> _Data shown_:
-- -- --

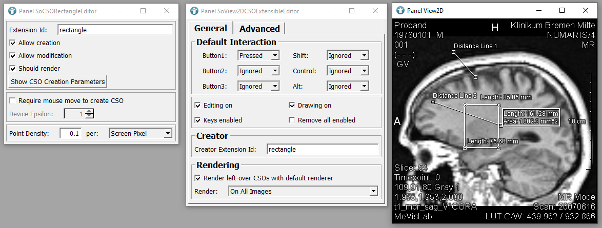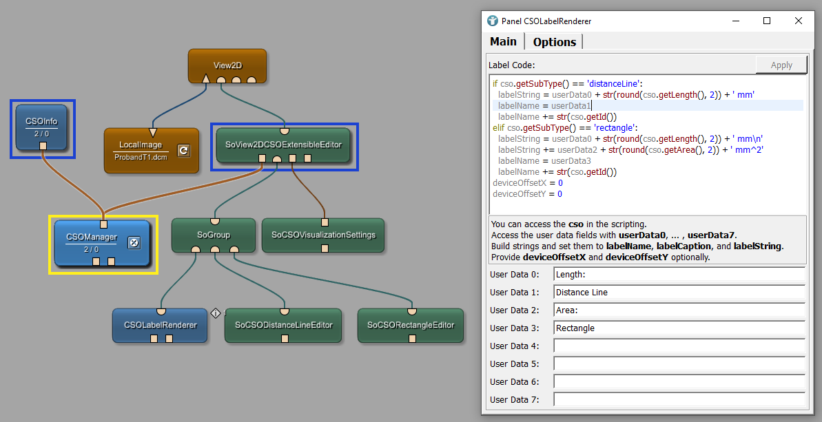 You can also add multiple CSO editors to see the different options. Add the SoCSORectangleEditor module to your workspace and connect it to the SoGroup module. As we now have two different editors, we need to tell the CSOLabelRenderer which CSO is to be rendered. Open the panel of the SoCSODistanceLineEditor. You can see the field SoCSORectangleEditor. You can see the field
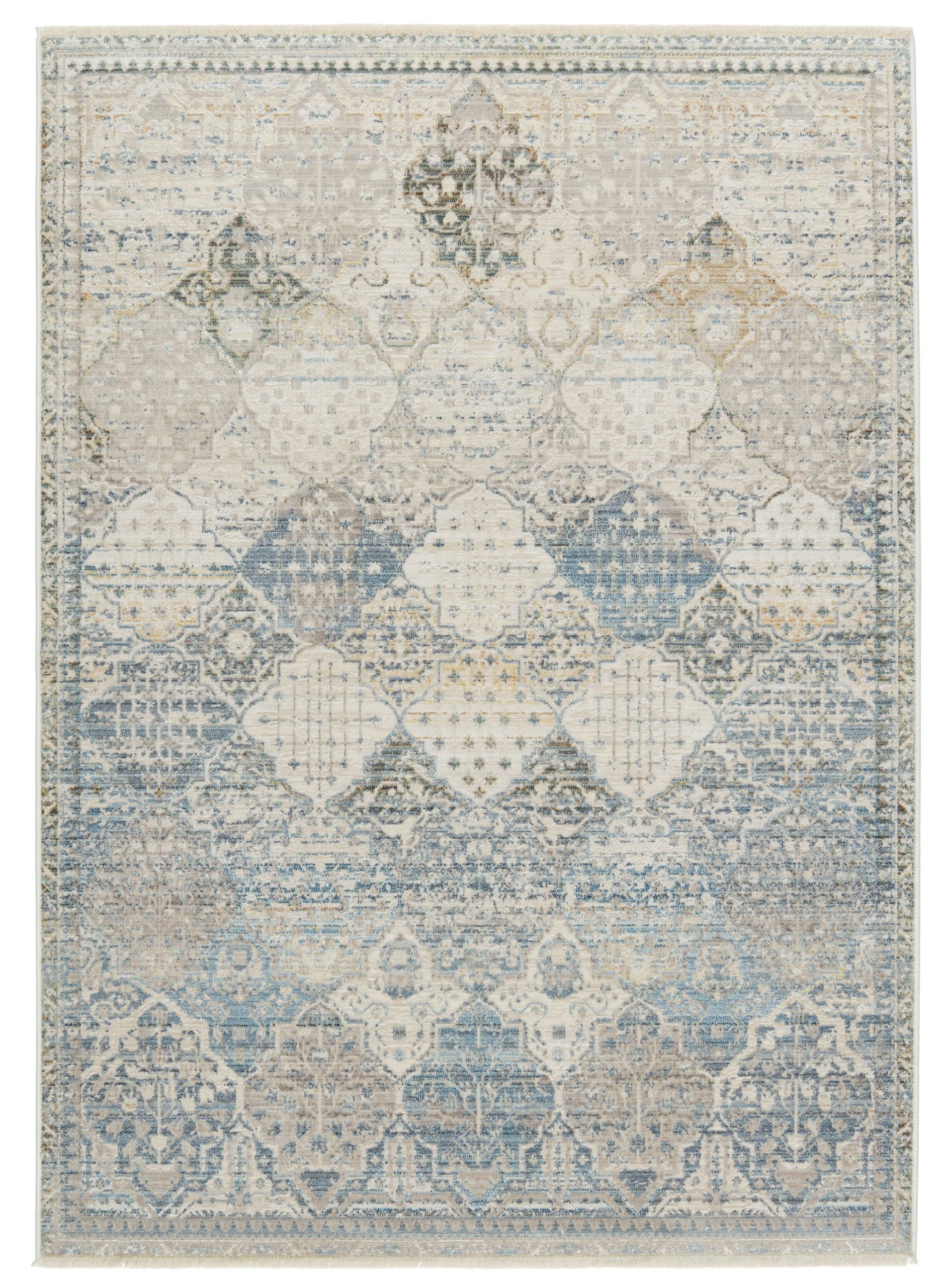 Elegantly abrashed and rich with contemporary charm, the Audun collection is an assortment enchanting styles with subtle pops of color. The Prado area rug features a Moorish tile motif in tones of blue, ivory, gray, and gold. The textured polyester pile boasts a carved-like feel for added dimension and depth. Coordinating fringe emulates the details of handcrafted, vintage textiles for a touch of global flair.
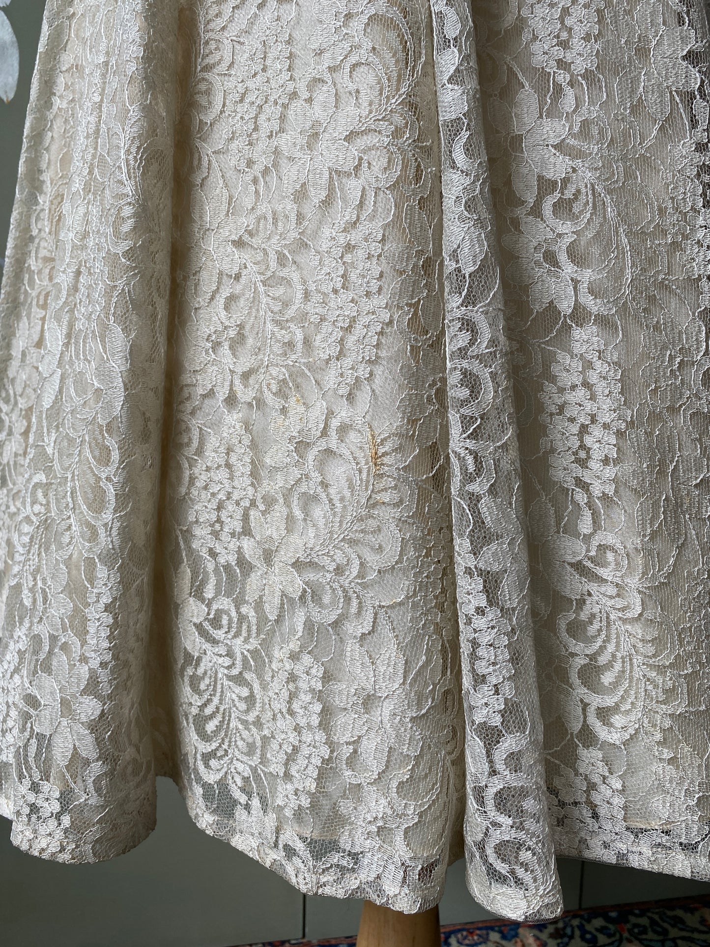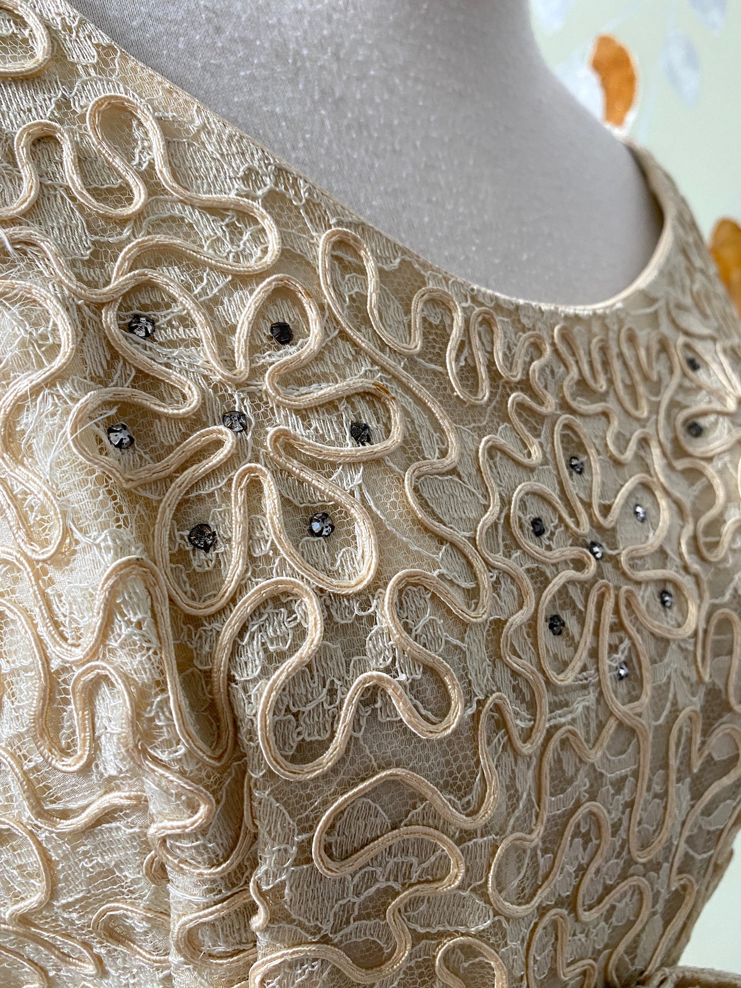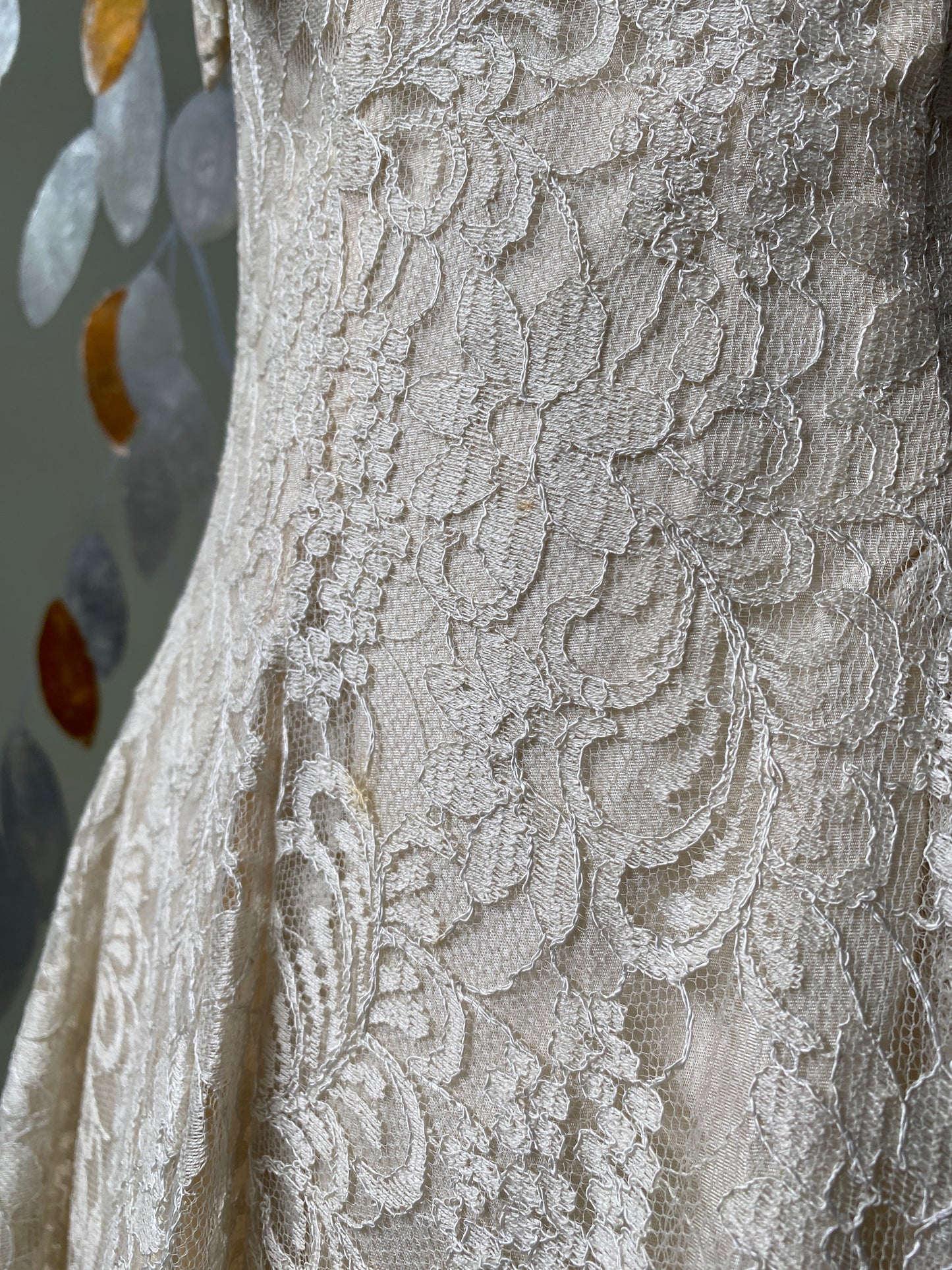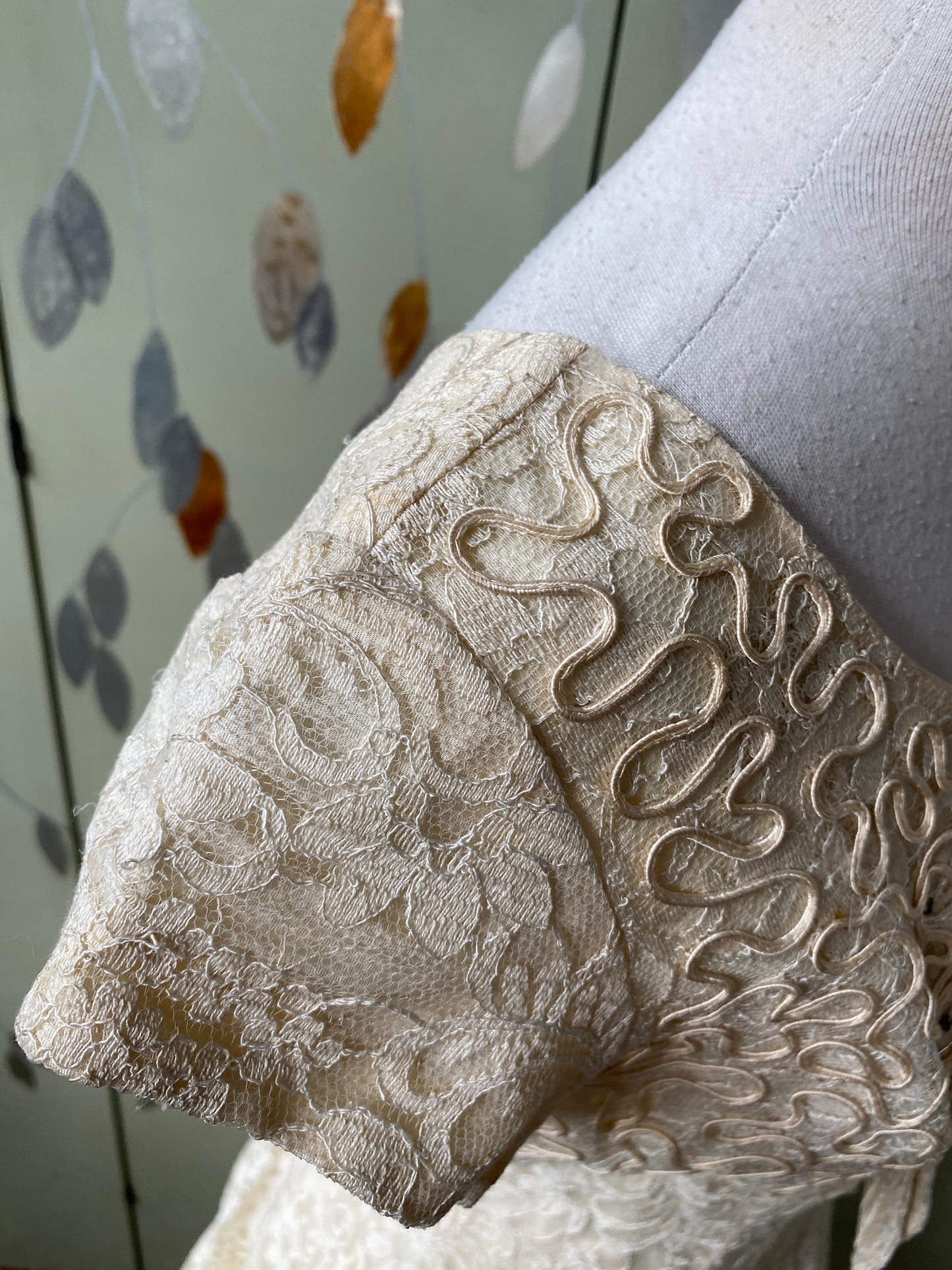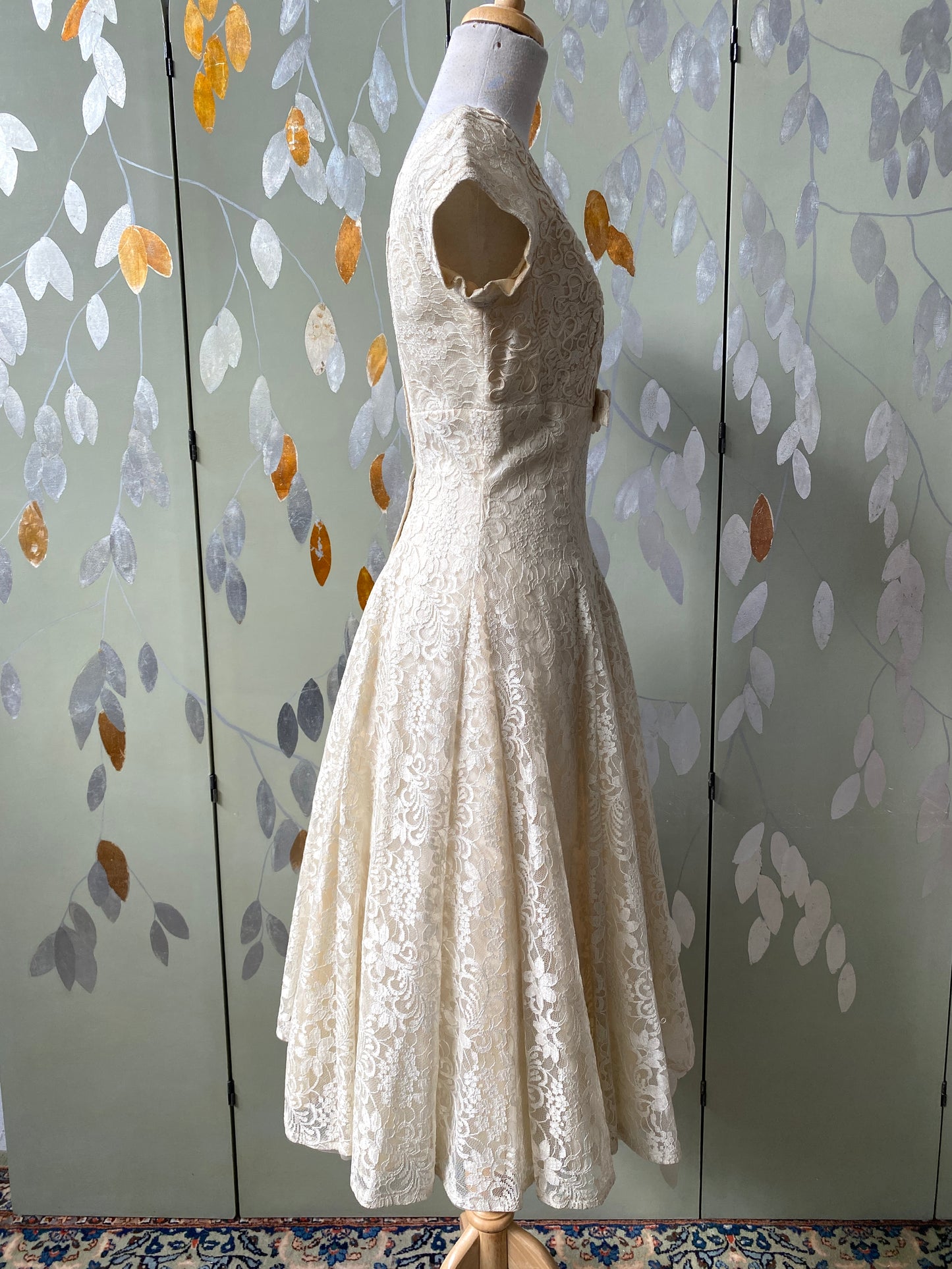 Vintage 1950s Cream Lace Cocktail Dress with Embellished Bodice, B34"

-- -- --

Transcribe the lines that run from the line bearing "Elegantly abrashed and" through the last line of the data. Keep the wording exact and leave out every picture.

> _Task answer_:
 Elegantly abrashed and rich with contemporary charm, the Audun collection is an assortment enchanting styles with subtle pops of color. The Prado area rug features a Moorish tile motif in tones of blue, ivory, gray, and gold. The textured polyester pile boasts a carved-like feel for added dimension and depth. Coordinating fringe emulates the details of handcrafted, vintage textiles for a touch of global flair.
 Vintage 1950s Cream Lace Cocktail Dress with Embellished Bodice, B34"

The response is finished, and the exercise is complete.